(Dataset)
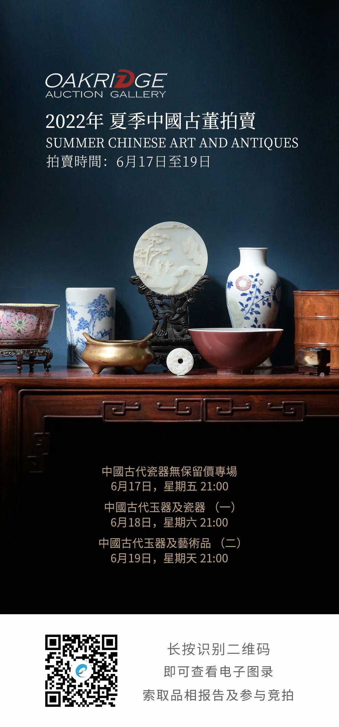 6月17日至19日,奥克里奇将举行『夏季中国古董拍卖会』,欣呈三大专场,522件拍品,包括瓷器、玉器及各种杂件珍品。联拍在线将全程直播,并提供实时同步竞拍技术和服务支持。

==

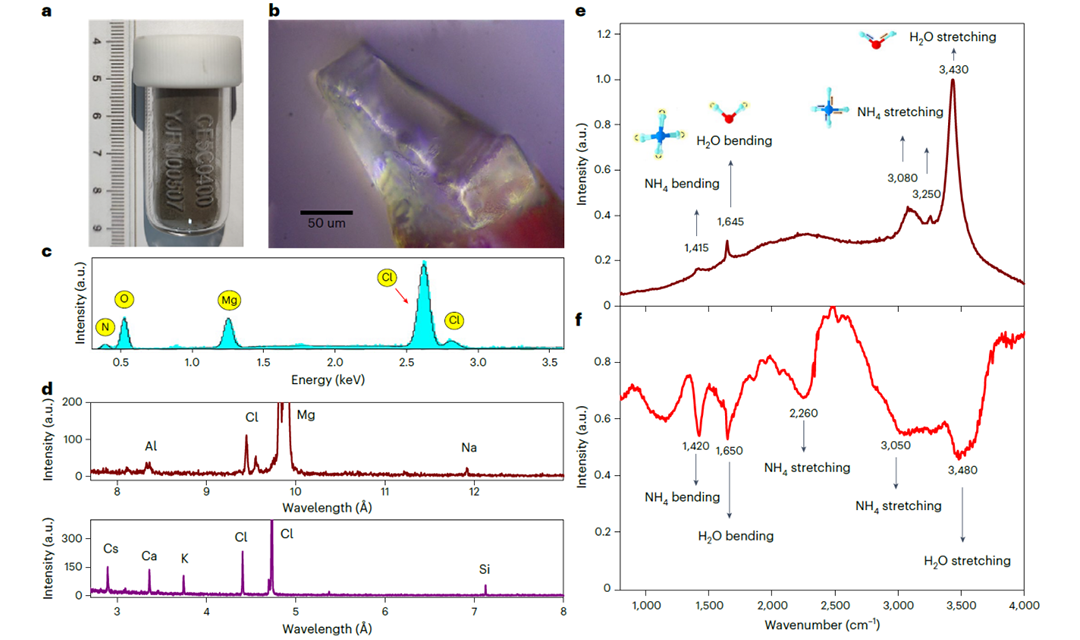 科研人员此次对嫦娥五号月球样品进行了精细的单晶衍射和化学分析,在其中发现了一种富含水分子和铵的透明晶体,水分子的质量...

...

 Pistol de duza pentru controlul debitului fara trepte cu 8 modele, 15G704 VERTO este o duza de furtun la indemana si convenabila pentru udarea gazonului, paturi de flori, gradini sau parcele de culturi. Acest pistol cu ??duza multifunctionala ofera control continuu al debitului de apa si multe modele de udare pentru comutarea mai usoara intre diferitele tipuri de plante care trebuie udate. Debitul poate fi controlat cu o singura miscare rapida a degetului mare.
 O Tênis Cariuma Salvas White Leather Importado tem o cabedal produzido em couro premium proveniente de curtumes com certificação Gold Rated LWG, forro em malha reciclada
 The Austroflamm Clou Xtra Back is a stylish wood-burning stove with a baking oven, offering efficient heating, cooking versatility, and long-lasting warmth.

(Assignment)
Which lines above run from the one containing "O Tênis Cariuma" down to the one containing "The Austroflamm Clou"? Repeat exactly those, both ends included, and nothing else.

(Written answer)
 O Tênis Cariuma Salvas White Leather Importado tem o cabedal produzido em couro premium proveniente de curtumes com certificação Gold Rated LWG, forro em malha reciclada
 The Austroflamm Clou Xtra Back is a stylish wood-burning stove with a baking oven, offering efficient heating, cooking versatility, and long-lasting warmth.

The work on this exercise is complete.